WASHINGTON—The National Road Traffic Safety Administration (NHTSA) requested the recall of 67 million air bag inflators because it believes there is a safety flaw, but auto supplier ARC Automotive Inc has rejected the US regulator’s request, according to documents released Friday.

THE car safety the agency said the inflators pose an unreasonable risk of death or injury.

Even as breakages increase, “ARC has not made a defect determination that would require a recall of this population,” NHTSA said in its inquiry letter to the Tennessee-based company. “Air Bag inflators that project metal fragments into the vehicle occupants, rather than properly inflating the attached airbag, create an unreasonable risk of death and injury.”

The ARC airbag inflators have deployed General MotorsChrysler-mother Stellantis, BMW, Hyundai The engine, duck Corp and other vehicles. GM on Friday it agreed to recall nearly 1 million vehicles with ARC airbag inflators after a failure in March left a driver with facial injuries.

ARC rejected NHTSA’s tentative conclusion that a flaw exists, saying it is based on seven field failures in the United States. NHTSA “then asks ARC to prove a negative — that the 67 million inflators in this population are not defective” that were manufactured over 18 years. The company said it will continue to work with NHTSA and automakers to evaluate the breakouts.

NHTSA in 2016 updated an investigation into more than 8 million airbag inflators made by ARC after a driver was killed in Canada in a Hyundai vehicle and investigated for more than seven years.

NHTSA initially opened an investigation in July 2015 following two reported injuries.

NHTSA reported through January 2018, 67 million driver and passenger front airbag inflators.

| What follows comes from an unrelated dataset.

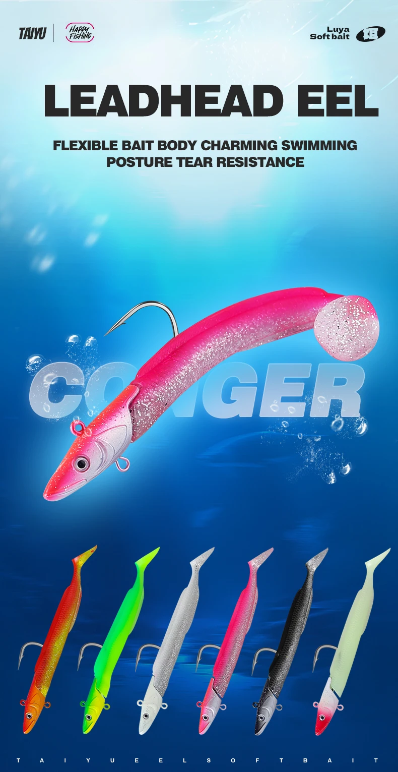 Elaborado por TAIYU, este juego de anguilas de cebo blando cuenta con materiales duraderos, lo que garantiza un uso duradero para sus aventuras de pesca.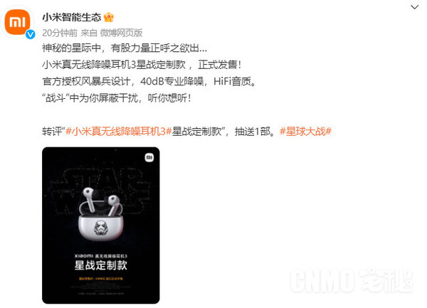 【宅秘新闻】3月20日,小米智能生态官方宣布,小米真无线降噪耳机3星战定制款正式发售,采用官方授权风暴兵设计,支持40dB专业降噪,拥有HiFi音质,售价499元。作为参考,小米真无线降噪耳机标准版之前售价499元,现在到手价为319元。

Delphi, acquired by Autoliv, produced approximately 11 million inflators under a licensing agreement with ARC, which produced the rest of the inflators.

ARC noted that there have been several test programs of inflators collected from wrecked or other vehicles, but not a single failure has occurred during these tests.

The 67 million inflators were produced for the US market on multiple production lines at several plants and used by 12 vehicle manufacturers in dozens of models. “None of these manufacturers have concluded that there is a systemic defect in this large population,” ARC said.

NHTSA said ARC in January 2018 completed installing devices on inflator production lines used to detect excessive welding slag or other debris. NHTSA said it was unaware of any problems in ARC inflators manufactured since. ARC said welding slag has not been confirmed as the root cause of the breakages.

NHTSA has investigated airbag inflator failures for over 15 years.

In the last decade, more than 67 million Takata the airbag inflators have been remembered in the United States and more than 100 million worldwide, the largest automotive safety recall in history.

More than 30 deaths worldwide – including 24 deaths in the United States – and hundreds injured in vehicles of various automakers since 2009 are linked to Takata airbag inflators that can explode, releasing metal shrapnel inside cars And truck. The last death was in July 2022 in a Chrysler 300 from 2010one of three Stellantis deaths in a seven-month period.